- Bhandal Dona Location in Punjab, India Bhandal Dona Bhandal Dona (India)
- Coordinates: 31°17′23″N 75°22′04″E﻿ / ﻿31.289823°N 75.367816°E
- Country: India
- State: Punjab
- District: Kapurthala

Government
- • Type: Panchayati raj (India)
- • Body: Gram panchayat

Population (2011)
- • Total: 1,063
- Sex ratio 532/531♂/♀

Languages
- • Official: Punjabi
- • Other spoken: Hindi
- Time zone: UTC+5:30 (IST)
- PIN: 144602
- Telephone code: 01822
- ISO 3166 code: IN-PB
- Vehicle registration: PB-09

= Bhandal Dona =

Bhandal Dona is a village in Kapurthala district of Punjab State, India. It is located 12 km from Kapurthala, which is both district and sub-district headquarters of Bhandal Dona. The village is administrated by a Sarpanch who is an elected representative of village as per the constitution of India and Panchayati raj (India).

== Demography ==
According to the report published by Census India in 2011, Bhandal Dona has total number of 192 houses and population of 1,063 of which include 532 males and 531 females.
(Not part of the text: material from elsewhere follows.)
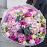 An elegant bouquet in pink and powdery shades with hydrangea, peonies, roses, and decorative flowers. The soft blend of textures and tones creates an airy, romantic, and refined look. Perfect for a stylish and special gift.
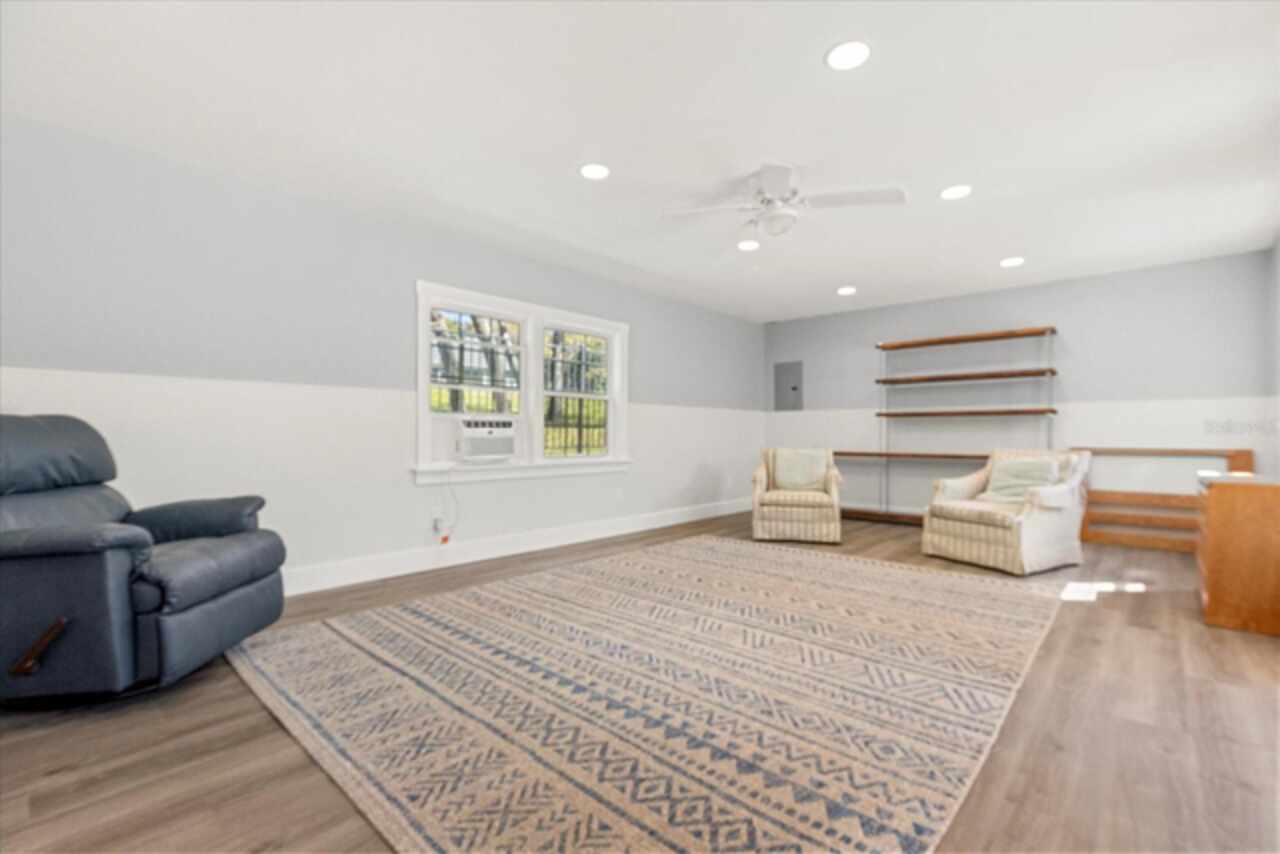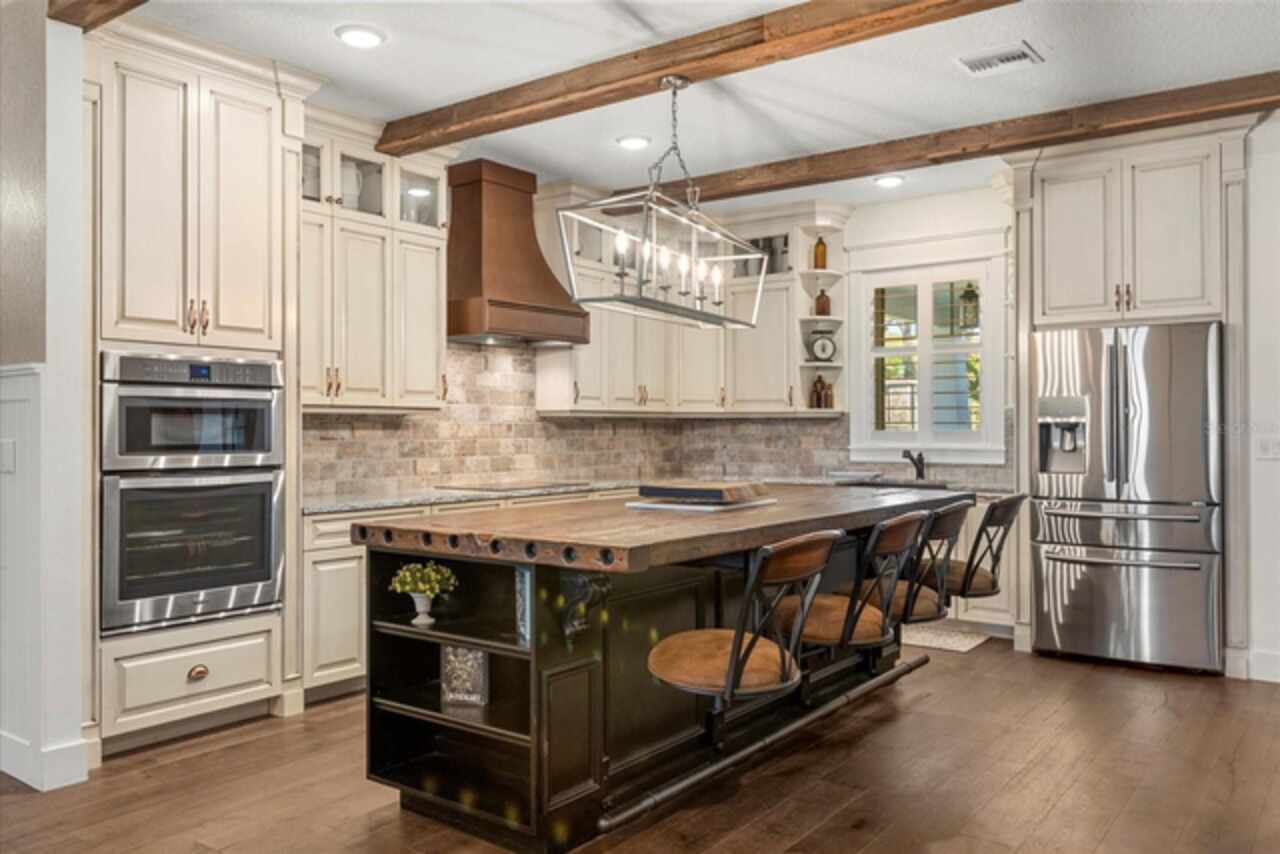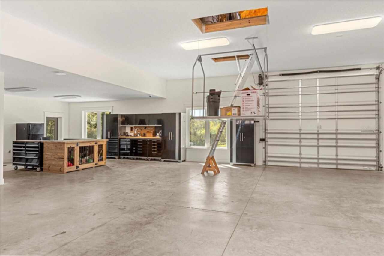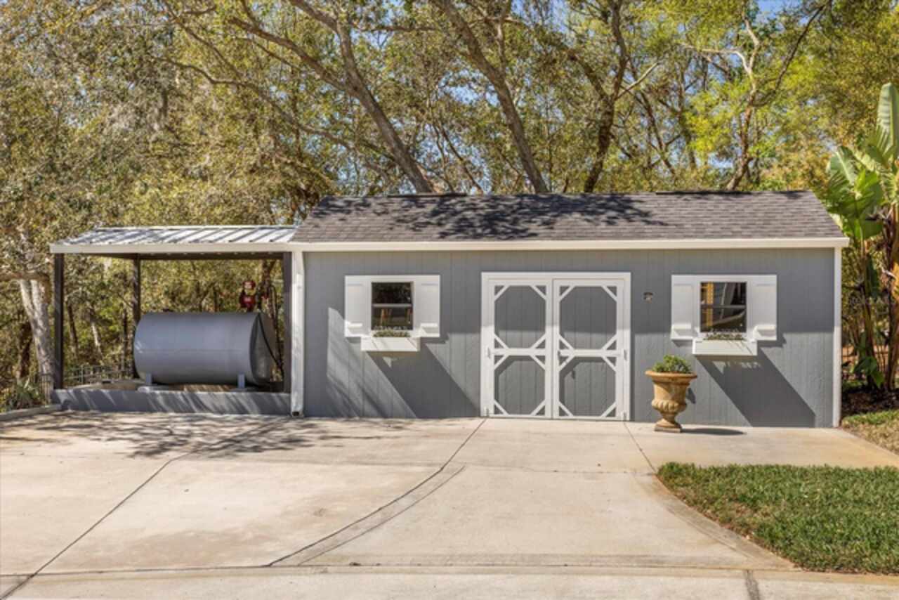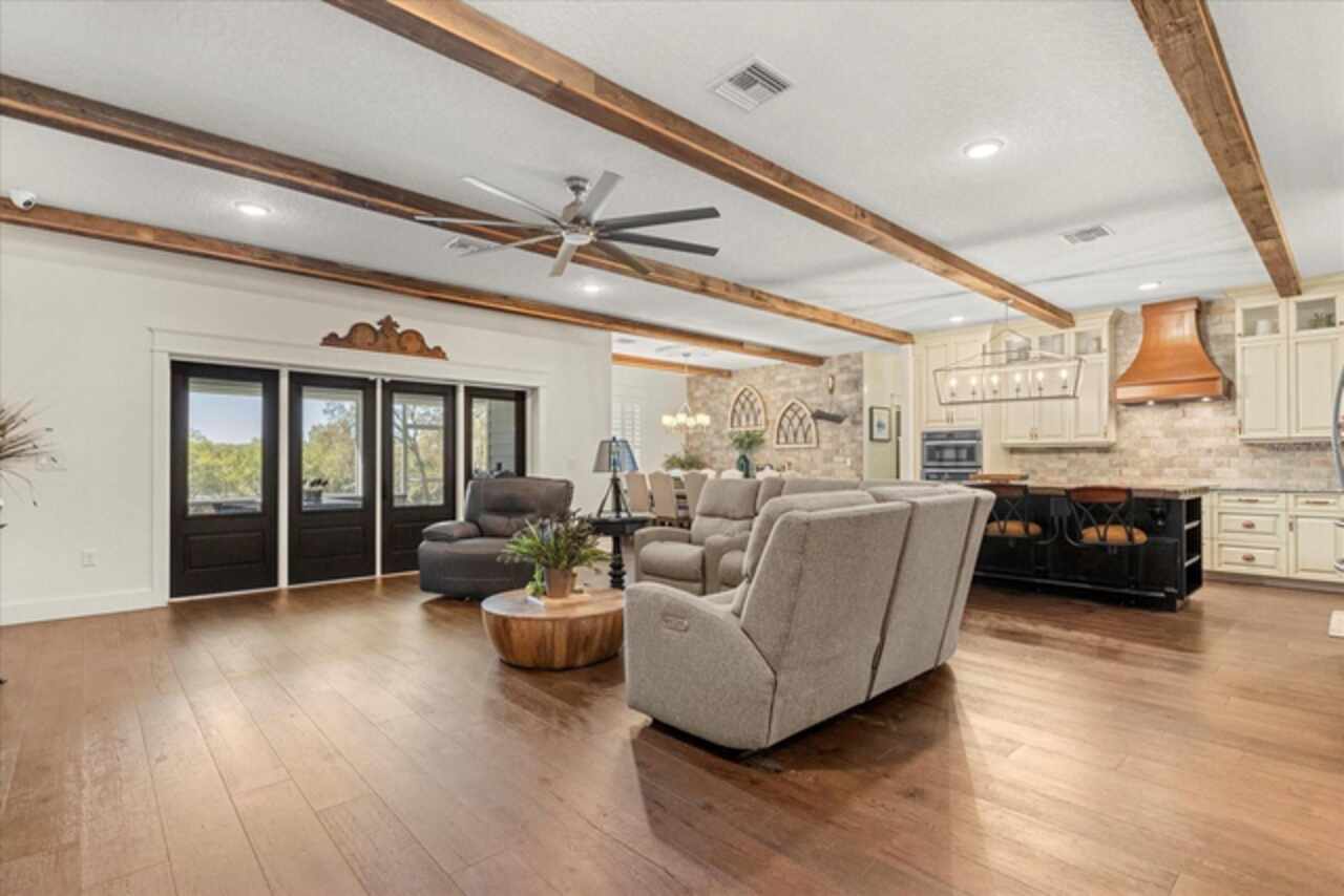 This 7-plus acre estate blends country charm and modern conveniences with scenic rolling lawns, mature trees, a private pond and multiple buildings. The stunning custom-built home features a spacious front porch where one could spend hours enjoying the beauty of the outdoors. Inside, you’ll find gorgeous hardwood floors and plantation shutters throughout the home. Soaring beamed ceilings crafted from 100-year-old barn wood creates a warm ambiance. The kitchen stands out with custom 52” cabinetry, a copper farmhouse sink, natural stone chiseled-edge counters, and a 9’ reclaimed wood island with swiveling barstools. The primary suite doubles as a safe room with a concrete roof hidden beneath a decorative tray ceiling. Its en-suite bath includes split vanities, a walk-in closet, a double shower, and a claw-foot tub illuminated by a vintage 1930s light fixture. In addition to the three bedrooms, the home also includes a dedicated office with a private entrance, and an expansive screened back porch which invites you to sit and enjoy scenic views of your private ranch. Impact-resistant casement windows, Therma-Tru exterior doors with a multi-point locking system, a hard-wired Ring security system, and fully fenced grounds—including 2 acres enclosed with aluminum fencing on a 2’ concrete wall with custom steel gates—ensure peace of mind. An impressive 1, 835 SQFT attached drive-through garage accommodates 4+ large vehicles and includes a workshop, ample storage shelving, and attic access via a Versa Lift attic system. Included with other buildings situated toward the middle of the property is a 12’x24’ pump house, which houses the irrigation well pump and the standby 20, 000 watt whole-house diesel generator and offers cover for the 500-gallon diesel tank. Additionally, you’ll find a 15’x24’ air-conditioned cottage perfect for multiple uses, and two Pole Barns (22’x34’ and 60’x32’) with concrete floors and a 50-amp RV hook-up. **With Zillow’s new AI styling tool, simply click the wand icon on the photos to re-imagine the space in different looks.** Located just 2.5 miles from Mount Dora's vibrant historic district, this exceptional ranchette blends modern comforts with serene country living. Come experience this remarkable property in person and see its exceptional features firsthand.

Literacy rate of Bhandal Dona is 77.02%, higher than state average of 75.84%. The population of children under the age of 6 years is 123 which is 11.57% of total population of Bhandal Dona, and child sex ratio is approximately 1050, higher than state average of 846.

== Population data ==

| Particulars | Total | Male | Female |
|---|---|---|---|
| Total No. of Houses | 192 | - | - |
| Population | 1,063 | 532 | 531 |
| Child (0–6) | 123 | 60 | 63 |
| Schedule Caste | 437 | 216 | 221 |
| Schedule Tribe | 0 | 0 | 0 |
| Literacy | 77.02 % | 80.93 % | 73.08 % |
| Total Workers | 347 | 284 | 63 |
| Main Worker | 225 | 0 | 0 |
| Marginal Worker | 122 | 72 | 50 |

==Air travel connectivity==
The closest airport to the village is Sri Guru Ram Dass Jee International Airport.